If we somehow did manage to scrape together the installation money, we'd need to sell the juice our panels generated to our local utility. But what would be in it for them? Even in a state like California, where utilities are obligated (up to a point) to accept new residential solar applications, nothing requires them to deal with the Oregon Street Cat Fanciers' Solar Co-op. If they did, they'd have to come up with a billing system that would credit me and my neighbor Doris and the cat lady down the street proportional to our stakes in the project—something Pacific Gas and Electric Company (PG&E) has zero motivation to do.

In short, the chances of our plucky little neighborhood powering its blenders, DVRs, and iPads with shared solar look very poor. To triumph against the odds, community solar needs a model that can work within the current regulatory system (unhelpful as that may be) and that is widely replicable. Happily, two organizations (at least) appear to have such a model: Colorado's Clean Energy Collective and California's Mosaic.
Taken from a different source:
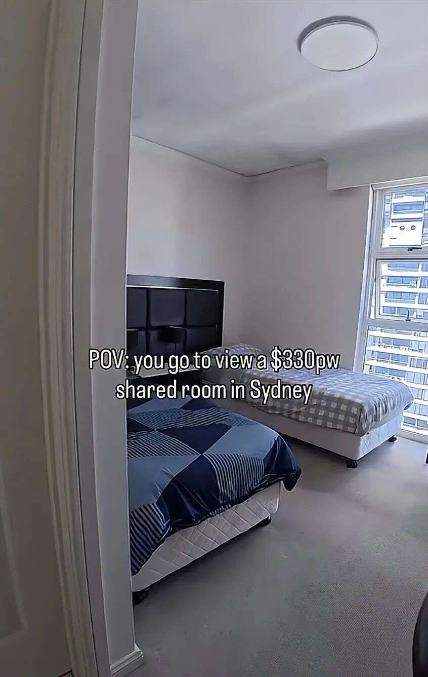 上周,他看了一处位于乔治街高层公寓的共享房间,这段视频令网友瞠目结舌——330澳元/周的租金竟只能租到一个与另一名男子同住的单人床位。

Paul Spencer is founder and president of the former. He got into community solar after trying to design a "net-zero" community of 89 homes in Carbondale, Colorado, that would draw its power from a centralized solar system. The housing market collapse killed the project, but Spencer and his group resolved to craft a widely deployable model for community solar. It took a year and a half of running the numbers on dozens of different options before they settled on the rather uncollective formula of individual ownership.